Samples were dried at 400 degrees Celcius for approximately 3hrs to remove excessive moisture content that is held within the sample. This will ensure that all the samples will have approximately the same amount of moisture when it is sieved. A mechanical sieve shaker to ensure that each sample will be subjected to the same length of time and amplitude of shaking. Sieve brushes were used to clean the sieves before segregating the next sample. This is to ensure that earlier segregated samples do not contaminate the later samples as well as keep the sieves dry so as not to collate the sediments and interfere with the results of the segregation.
The sieving method has several limitations. The probability of a particle passing a given sieve in a given time of shaking depends upon the nature of the particle and properties of the sieve (Day, 1965). The dimensions of the particle might hinder the particle from passing through a given sieve opening, even though the particle has the correct mean size to pass though. Thus it will require extensive shaking before the particle is orientated into the “correct” orientation to pass through the sieve opening. Sieve openings are generally unequal in size, requiring extensive shaking before all particles have the opportunity of approaching the largest openings. A "complete" sieving can rarely be met in practical times of shaking, thus we decided to designate our own shaking time (15 minutes). We obtained the 15 minutes sieving time by performing a few trials sieving to see what is the minimum time required to achieve sufficient segregation of the samples without compromising the quality of the data.

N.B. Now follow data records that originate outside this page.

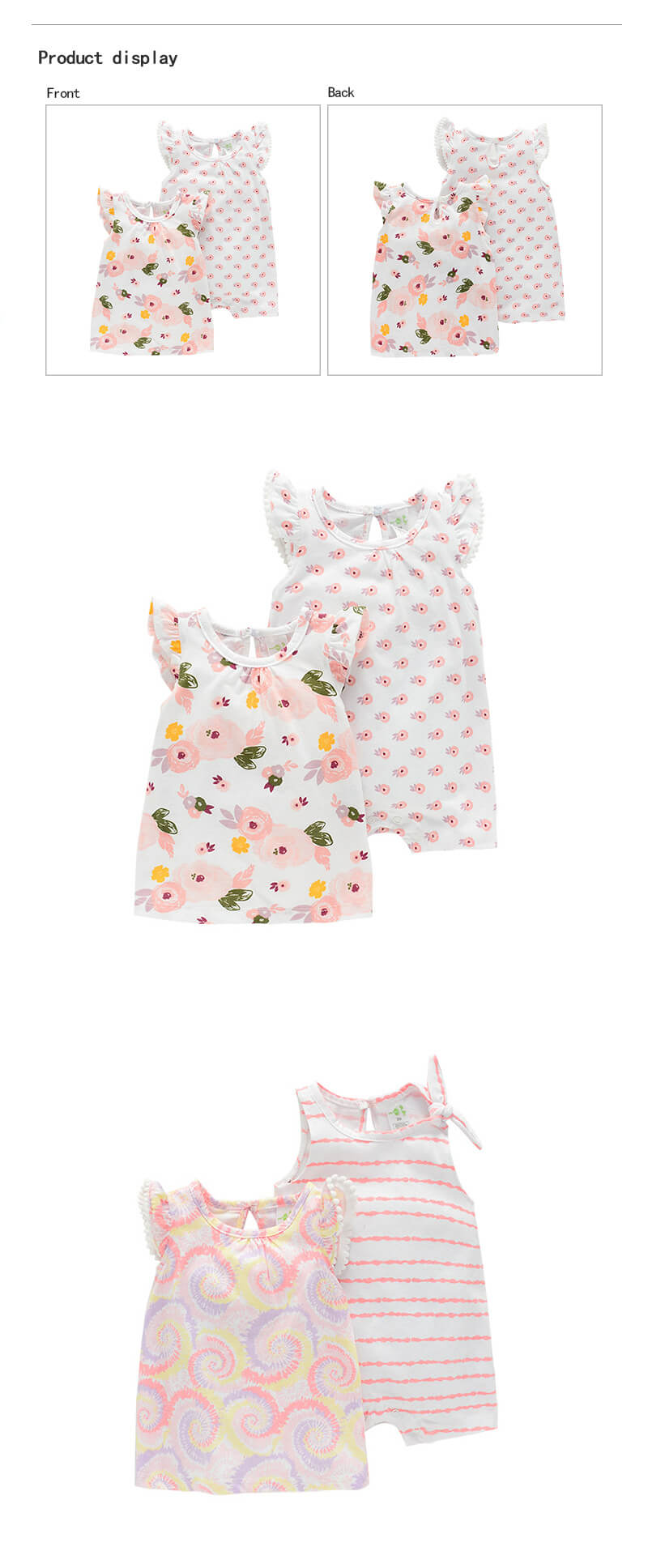 • 产品描述:Chinese factory produces and processes sleeveless rompers and skirts for infants and girls
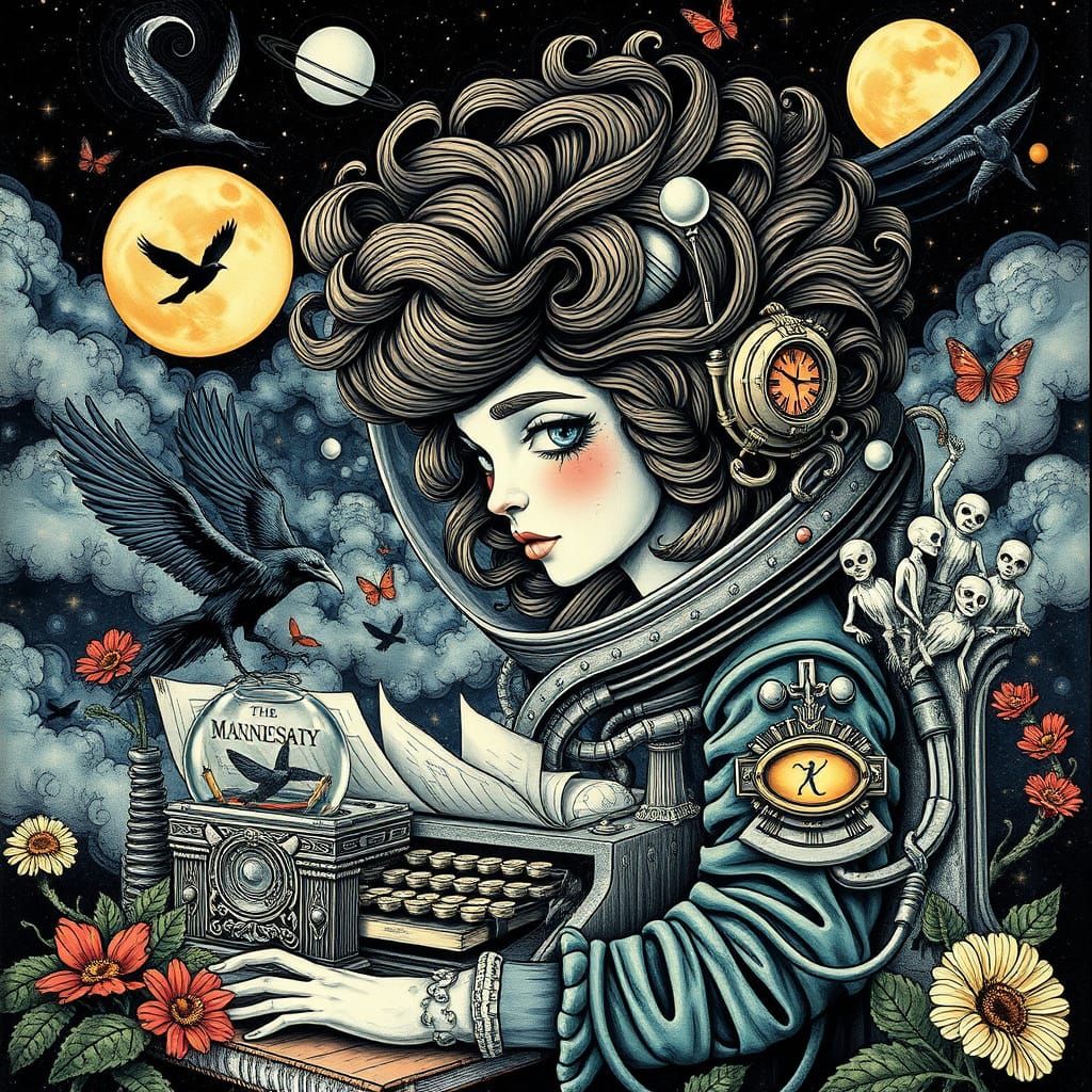 This vibrant, pop art-inspired image features a celestial cosmonaut with a bookish mind, surrounded by magical elements and a colorful, abstract background. The intricate details and dramatic lighting create a captivating scene that blends the styles of Nicoletta Ceccoli and Vincent van Gogh.
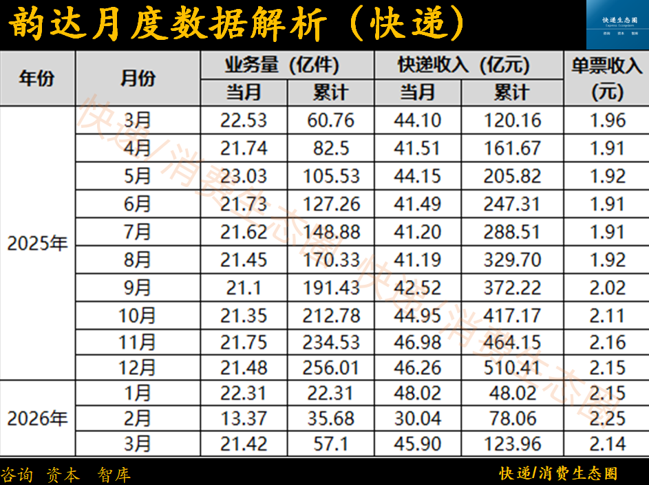 4月17日,韵达股份(002120.SZ)发布2026年3月基础数据,2026年3月快递服务业务收入45.9亿元,同比增长4.08%;完成业务量为21.42亿票,同比下降4.93%;快递服务单票收入为2.14元,同比增长9.18%。
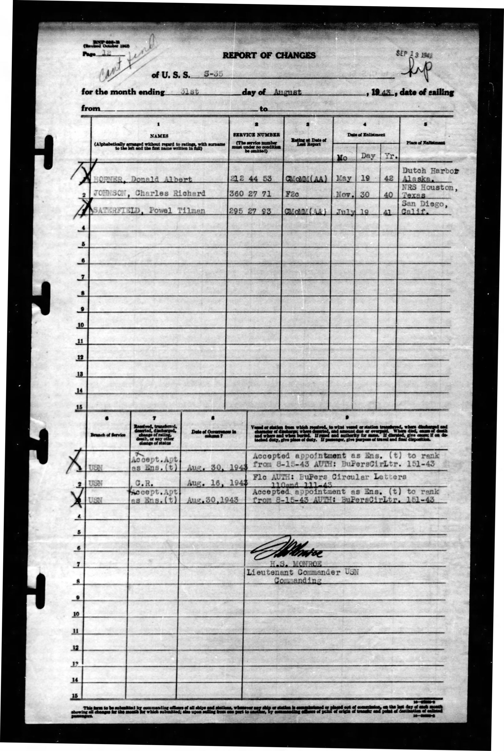 He was stationed at the Submarine Base Barracks at Ewa, Honolulu, Hawaii in 1940.
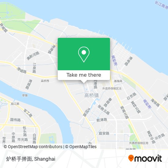 The nearest metro station to 炉桥手擀面 in 高桥镇 is 航津路 Hangjin Road. It’s a 18 min walk away.
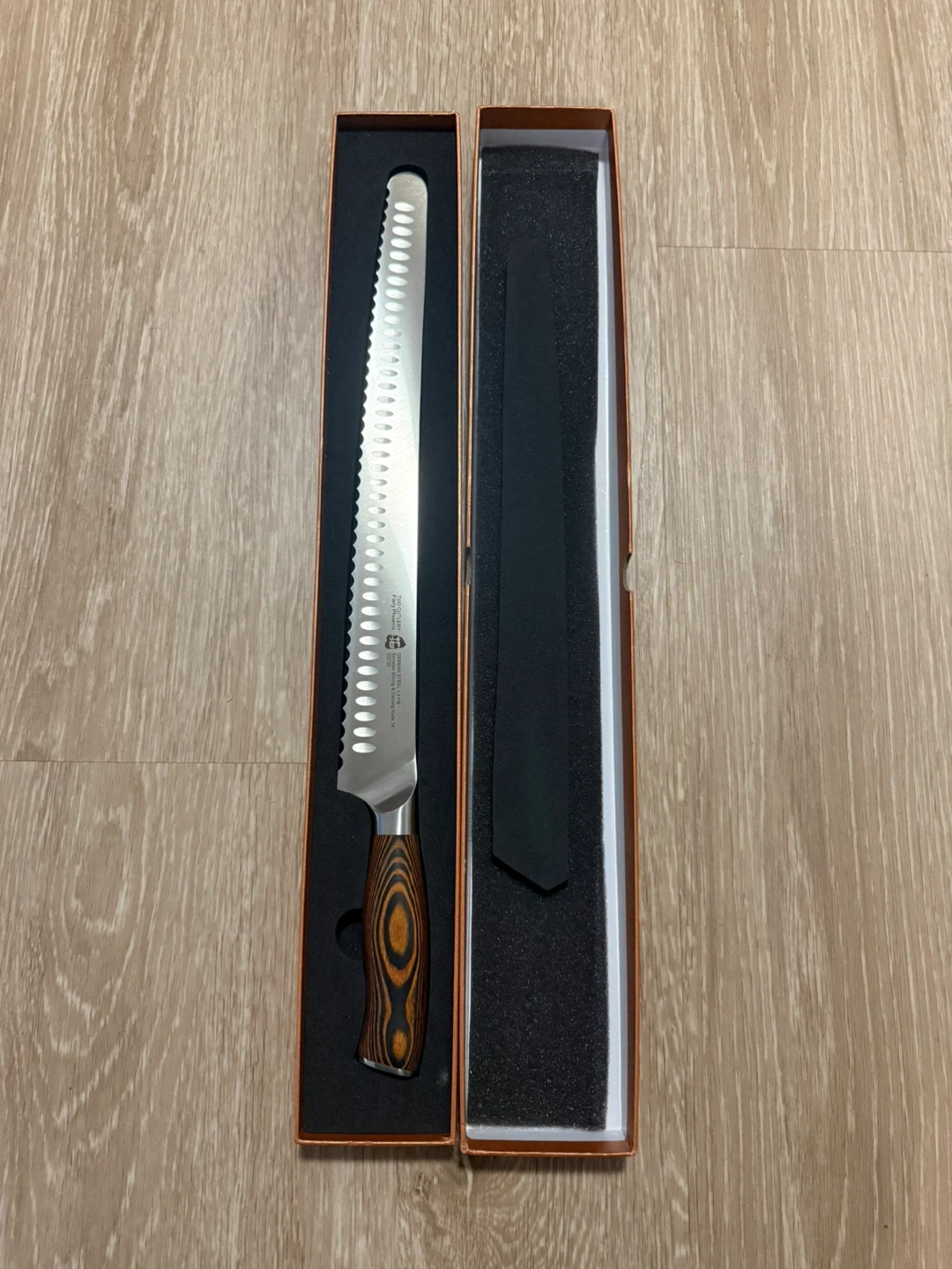 Selling a TUO Cutlery Fiery Phoenix Serrated Slicing & Carving Knife.
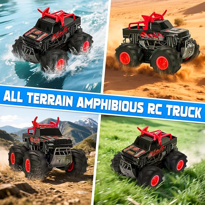 Remote Control Monster Truck Toys, 1:16 Amphibious Waterproof RC Car, 2.4GHz 4WD All Terrain Toys with 2 Rechargeable Batteries, Off-Road Truck Gifts for 6 7 8 9 10 11 12 Year Old Boys

As our data collection is discrete by nature, there is a need to interpolate the points to "fill in the gaps" as grain distribution is continuous by nature. Application of interpolation in the field of Geography can often be seen during the estimation of rainfall, temperature and vegetation species. There are several well known techniques around, including inverse distance weighted (IDW) interpolation and kriging.
IDW uses the idea of weighting each data by the inverse of the distance to the estimation location. This implies that the points further away from the estimation location will have an effect of only a power p of the inverse distance, thus not affecting as much as points that are nearer to the estimated point.
IDW assumes a homogeneous weight of influence by all the data points. Kriging, on the other hand, is preceded by a modeling of the spatial structure of the data; unlike IDW, kriging assumes that each data point has a different weight with respect to the estimated point. In addition, points that are behind another sample point will be "screened off" by lowering of weight, thus reducing the effect of this "blocked" point on the estimated point. This effect is known as the Screen effect (Wackernagel, 1995). Kriging estimates an underlying spatial variogram model to represent spatial variability. Furthermore, in kriging, as a statistical method, information such as the estimation of error can be known. This is obtained from the kriging standard deviation. With these considerations, we used kriging as our interpolation technique of choice. Our krigged raster layers of grain sizes were generated in ESRI’s ArcGIS.